__Work to complete__:
For the material below, output exactly the span from the line with "The Pyle Compact" to the line with "一一頁、青銅器銘文「魚」字の拓、その左下に 「尊古齋」の印、", including both, and nothing besides.

__Data shown__:
* * *
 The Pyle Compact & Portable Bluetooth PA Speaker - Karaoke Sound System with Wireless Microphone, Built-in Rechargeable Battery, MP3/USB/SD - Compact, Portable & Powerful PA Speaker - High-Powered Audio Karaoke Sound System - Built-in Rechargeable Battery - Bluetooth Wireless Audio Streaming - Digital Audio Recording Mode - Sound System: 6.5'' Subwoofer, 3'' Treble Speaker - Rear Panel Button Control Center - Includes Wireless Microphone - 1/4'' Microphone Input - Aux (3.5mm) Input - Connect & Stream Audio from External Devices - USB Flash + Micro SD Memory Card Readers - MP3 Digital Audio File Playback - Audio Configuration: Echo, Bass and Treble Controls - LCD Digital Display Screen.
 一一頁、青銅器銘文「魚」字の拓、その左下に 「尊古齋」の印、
* * *
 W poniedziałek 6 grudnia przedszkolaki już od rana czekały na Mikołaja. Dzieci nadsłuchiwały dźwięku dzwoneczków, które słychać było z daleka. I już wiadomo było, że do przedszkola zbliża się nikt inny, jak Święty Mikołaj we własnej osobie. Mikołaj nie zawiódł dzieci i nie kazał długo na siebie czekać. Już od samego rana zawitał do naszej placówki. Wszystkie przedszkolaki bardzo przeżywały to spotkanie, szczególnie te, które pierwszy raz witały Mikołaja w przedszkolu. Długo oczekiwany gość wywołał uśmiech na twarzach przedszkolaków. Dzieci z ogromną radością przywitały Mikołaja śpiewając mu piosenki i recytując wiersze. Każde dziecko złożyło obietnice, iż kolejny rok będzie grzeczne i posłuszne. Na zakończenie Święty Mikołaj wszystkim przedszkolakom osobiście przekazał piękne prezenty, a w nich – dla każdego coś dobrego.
* * *
__Answer below__:
 The Pyle Compact & Portable Bluetooth PA Speaker - Karaoke Sound System with Wireless Microphone, Built-in Rechargeable Battery, MP3/USB/SD - Compact, Portable & Powerful PA Speaker - High-Powered Audio Karaoke Sound System - Built-in Rechargeable Battery - Bluetooth Wireless Audio Streaming - Digital Audio Recording Mode - Sound System: 6.5'' Subwoofer, 3'' Treble Speaker - Rear Panel Button Control Center - Includes Wireless Microphone - 1/4'' Microphone Input - Aux (3.5mm) Input - Connect & Stream Audio from External Devices - USB Flash + Micro SD Memory Card Readers - MP3 Digital Audio File Playback - Audio Configuration: Echo, Bass and Treble Controls - LCD Digital Display Screen.
 一一頁、青銅器銘文「魚」字の拓、その左下に 「尊古齋」の印、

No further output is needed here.